Given the right parallelepiped $ABCDA'B'C'D'\ :\ A(0,0,0),B(b,0,0),C(b,d,0),D(0,d,0),A'(0,0,a),B'(b,0,a),C'(b,d,a),D'(0,d,a)$,
$ABCD$ is a rectangle.
Points $E(0,\frac{a^{2}d}{a^{2}+d^{2}},\frac{ad^{2}}{a^{2}+d^{2}})$ and $F(\frac{a^{2}b}{a^{2}+b^{2}+d^{2}},\frac{a^{2}d}{a^{2}+b^{2}+d^{2}},\frac{a(b^{2}+d^{2})}{a^{2}+b^{2}+d^{2}})$.
Equation of the plane $(AEF)\ :\ bx+dy-az=0$.

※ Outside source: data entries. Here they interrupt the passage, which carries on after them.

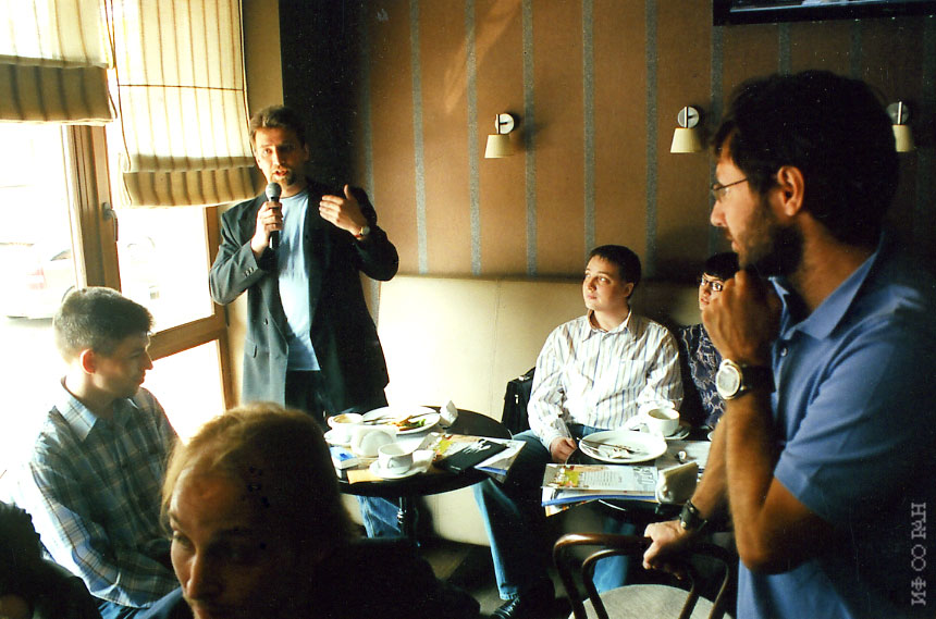 2007 год. Семинар Совета молодых ученых Института физики им. Л.В. Киренского Сибирского отделения Российской академии наук (ИФ СО РАН) в конференц-зале института. Слева направо: Варнаков С.Н., Пястолова Ю.В., Крылова С.Н., Булина Н.В Софронова С.Н., Музалевский К.В., Богданов Е.В., Комогорцев С.В., Красноярск.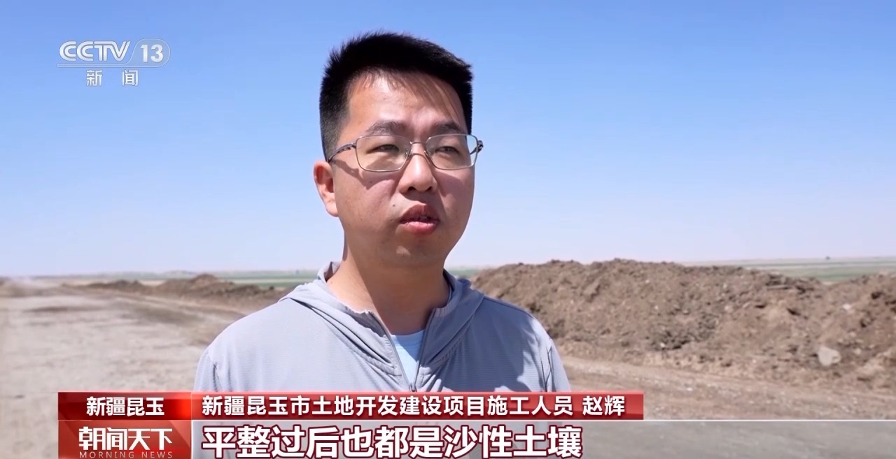新疆昆玉市土地開(kāi)發(fā)建設(shè)項(xiàng)目施工員 趙輝:這邊原本都是沙漠原始地貌,平整過(guò)后也都是沙性土壤,沙土的營(yíng)養(yǎng)貧瘠,肥力差,抓一把土,能從指縫里漏掉90%。通過(guò)羊糞和水溶肥的有效結(jié)合,施進(jìn)去之后,我們能把沙土的結(jié)構(gòu)團(tuán)?;?jiǎn)單來(lái)說(shuō)就是把一團(tuán)散沙變成緊密有孔隙的小團(tuán)體,這樣施進(jìn)去的水和營(yíng)養(yǎng)都能留存住。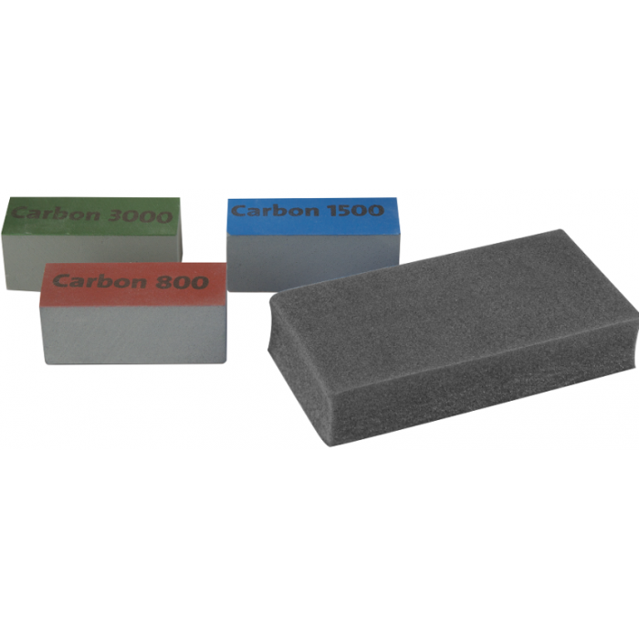 Blocchetti abrasivi realizzati in materiale carbonioso, indicati per rimuovere facilmente i difetti dalle superfici appena verniciate. Sono utilizzati a umido anche nello spot-repair per eliminare velocemente sporchini e colature dopo la verniciatura e preparare la superficie alla lucidatura.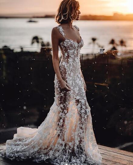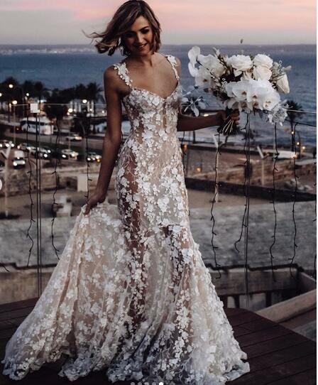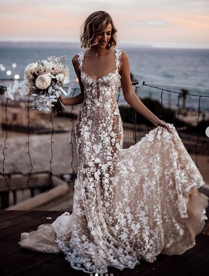 Fabulous 3D Flowers Floral Wedding Dress, Sexy A-line Wedding Dress, Backless Fairy Wedding Dress
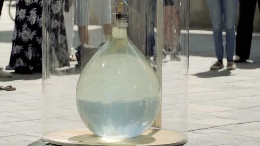 Jak může být tlak generovaný z 1 litru vody rozbít skleněné nádoby o objemu 50 litrů; Experiment proveden poprvé v 17. století Blaise Pascal, se znovu provádí na Princetonské univerzitě ve Spojených státech, aby demonstroval fenomén zvaný „hydrostatický paradox“.

Points $P(\frac{b^{3}}{b^{2}+d^{2}},\frac{b^{2}d}{b^{2}+d^{2}},a)$ and $Q(\frac{b^{3}}{a^{2}+b^{2}+d^{2}},\frac{b^{2}d}{a^{2}+b^{2}+d^{2}},\frac{a(a^{2}+d^{2})}{a^{2}+b^{2}+d^{2}})$.
Equation of the plane $(B'PQ)\ :\ bx+dy-az=b^{2}-a^{2}$.
$\triangle AEF \sim \triangle B'PQ\ :\ \frac{AE}{B'P}=\frac{AF}{B'Q}=\frac{EF}{PQ}=\frac{a\sqrt{b^{2}+d^{2}}}{b\sqrt{a^{2}+d^{2}}}$.